Blameless by Gail CarrigerOrbit (Hachette), 2010

(Spoiler alert: it’s hard to talk about this book without mentioning some key plot points both from this book and the previous one, Changeless. So if you haven’t read this series and want to be surprised if/when you do, you might want to stop reading now.)

At the start of this book, Alexia Maccon, newly estranged from her husband, has been unhappily staying at her mother and step-father’s house for a week or two. Alexia and her half-sisters don’t get along very well: she’s smart and they’re shallow, or, as Carriger puts it, “Alexia was known throughout London for her intellectual prowess, patronage of the scientific community, and biting wit. Felicity and Evylin were known for their puffed sleeves” (6). Poor Alexia: horrible half-siblings, a stubborn Scottish werewolf husband who thinks she’s cheated on him, and morning sickness: can things get any worse?
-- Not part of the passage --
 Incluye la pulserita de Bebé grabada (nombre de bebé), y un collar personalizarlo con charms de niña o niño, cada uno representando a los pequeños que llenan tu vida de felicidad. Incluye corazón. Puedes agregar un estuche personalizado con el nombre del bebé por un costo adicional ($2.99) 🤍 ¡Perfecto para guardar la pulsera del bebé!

As it turns out, yes. Alexia is dismissed from her position on the Queen’s Shadow Council, and realizes that she’s quite vulnerable without her husband’s protection. On the bright side, there’s her gay vampire best friend, Lord Akeldama, who is fond of gossip, prone to Liberace-ish dressing, and not scared of a little scandal: he’ll surely let her stay with him… except that when Alexia arrives at Akeldama’s house, it seems quite empty, and looks like it’s been vacated in a hurry. And someone, it turns out, is trying to kill Alexia.
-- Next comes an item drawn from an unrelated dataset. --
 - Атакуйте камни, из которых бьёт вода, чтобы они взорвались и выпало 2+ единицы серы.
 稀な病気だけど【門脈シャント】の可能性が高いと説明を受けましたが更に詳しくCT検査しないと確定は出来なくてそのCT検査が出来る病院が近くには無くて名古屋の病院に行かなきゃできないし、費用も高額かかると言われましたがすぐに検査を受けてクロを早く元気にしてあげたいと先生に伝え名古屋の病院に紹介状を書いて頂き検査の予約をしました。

Meanwhile, Lord Maccon is drinking himself silly at Woolsey Castle, and Professor Lyall is doing his best to keep the Woolsey pack/household under control. The best course of action for everyone seems to be for Alexia to get herself out of London, so she sets off for Italy by way of Paris, with Floote (loyal servant) and the excellent Madame Lefoux (the inventor who dresses in men’s clothing and enjoys flirting with Alexia) along for company and protection.

As with the previous two books in the series, there’s humor and suspense in this one, as Alexia tries to shake her enemies and learn more about how she could possibly have become pregnant (it’s commonly thought that vampires and werewolves, being mostly dead, aren’t able to father children in the usual way). And I was pleased to find that, as in Changeless, the writing is more solid than it was in Carriger’s first book. The story is sometimes ridiculous—I’m not sure how I feel about reading a book that features the “mysterious Templars,” as the back cover puts it, as a plot point—but after the two previous books I was fond enough of Alexia and the other main characters not to be too bothered. As fun/light reading, I’ve been enjoying this series, though I’m not sure if I’ll bother/remember to pick up the next book when it comes out in July 2011.